* **The problem**
An exact restatement of the data is required, with the images omitted.

* **Collected data**
------------------------------------
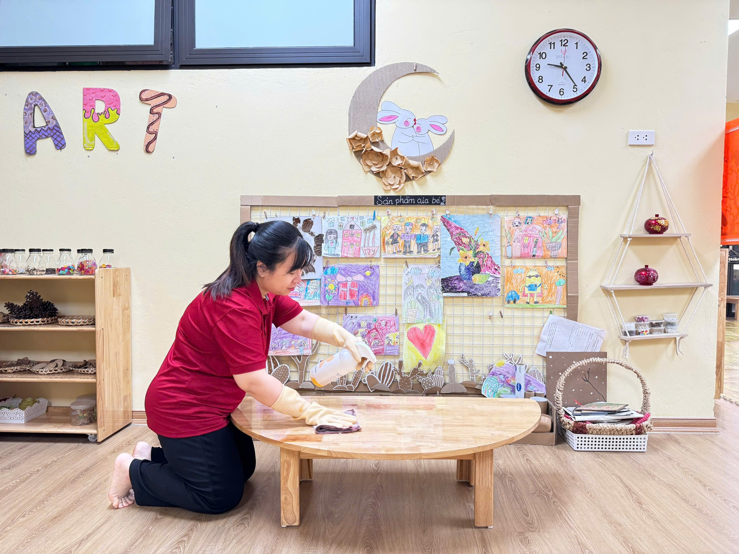 * Vệ sinh lớp học: Lau dọn, khử khuẩn toàn bộ bàn ghế, đồ chơi, và các vật dụng trong lớp, đảm bảo không còn vi khuẩn hay bụi bẩn có thể gây hại cho sức khỏe của các bé.
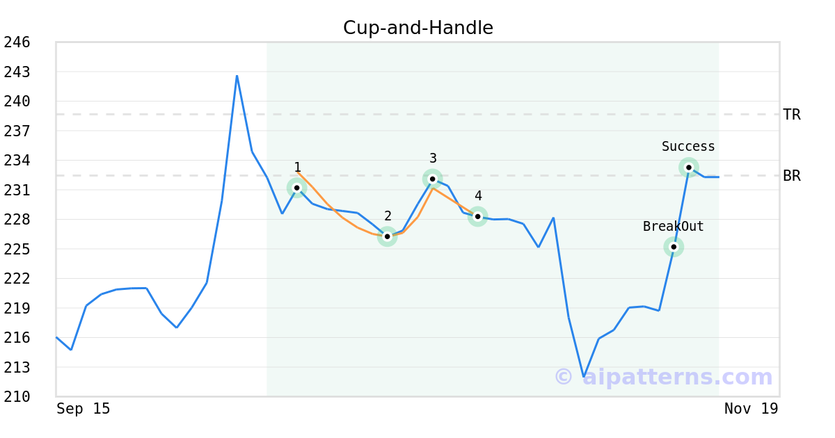 On October 23, 2025, A.I.dvisor detected a Cup-and-Handle Pattern (Bullish) for ABBVIE (ABBV, $228.25). On November 11, 2025, A.I.dvisor confirmed the Bullish pattern, setting a target price of $238.67. 1 day later, on November 12, 2025, ABBV reached the target price resulting in a for traders who took a long position in the stock.
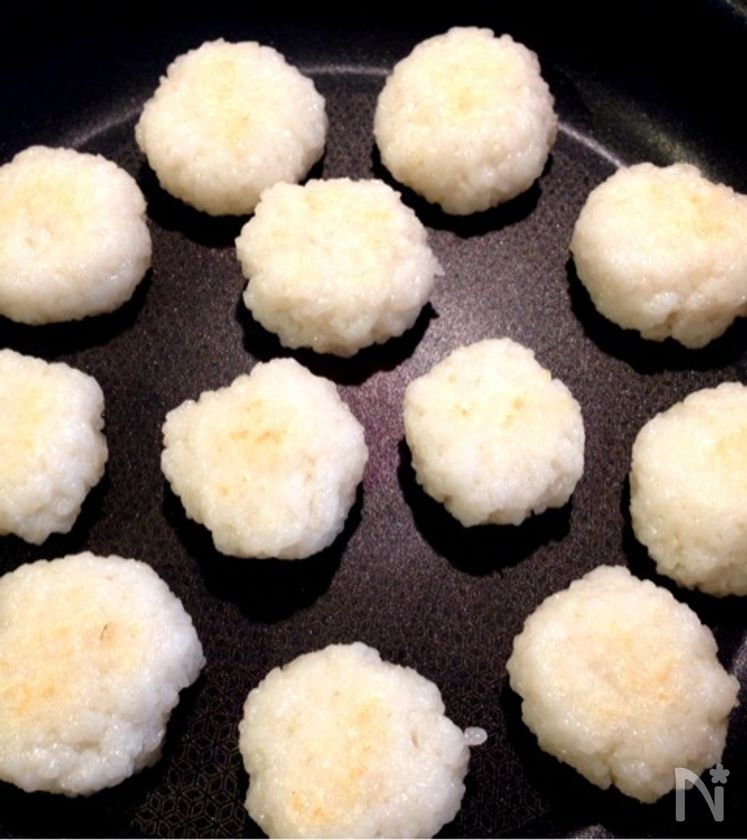 (2) お好みの粒加減まで潰したら、手にごま油を塗って平たく丸めたら、熱したフライパンで焼く。(今回は食べやすいように小さく丸くしましたが、わらじ型などお好きな形で♪)
------------------------------------
* **The answer**
 * Vệ sinh lớp học: Lau dọn, khử khuẩn toàn bộ bàn ghế, đồ chơi, và các vật dụng trong lớp, đảm bảo không còn vi khuẩn hay bụi bẩn có thể gây hại cho sức khỏe của các bé.
 On October 23, 2025, A.I.dvisor detected a Cup-and-Handle Pattern (Bullish) for ABBVIE (ABBV, $228.25). On November 11, 2025, A.I.dvisor confirmed the Bullish pattern, setting a target price of $238.67. 1 day later, on November 12, 2025, ABBV reached the target price resulting in a for traders who took a long position in the stock.
 (2) お好みの粒加減まで潰したら、手にごま油を塗って平たく丸めたら、熱したフライパンで焼く。(今回は食べやすいように小さく丸くしましたが、わらじ型などお好きな形で♪)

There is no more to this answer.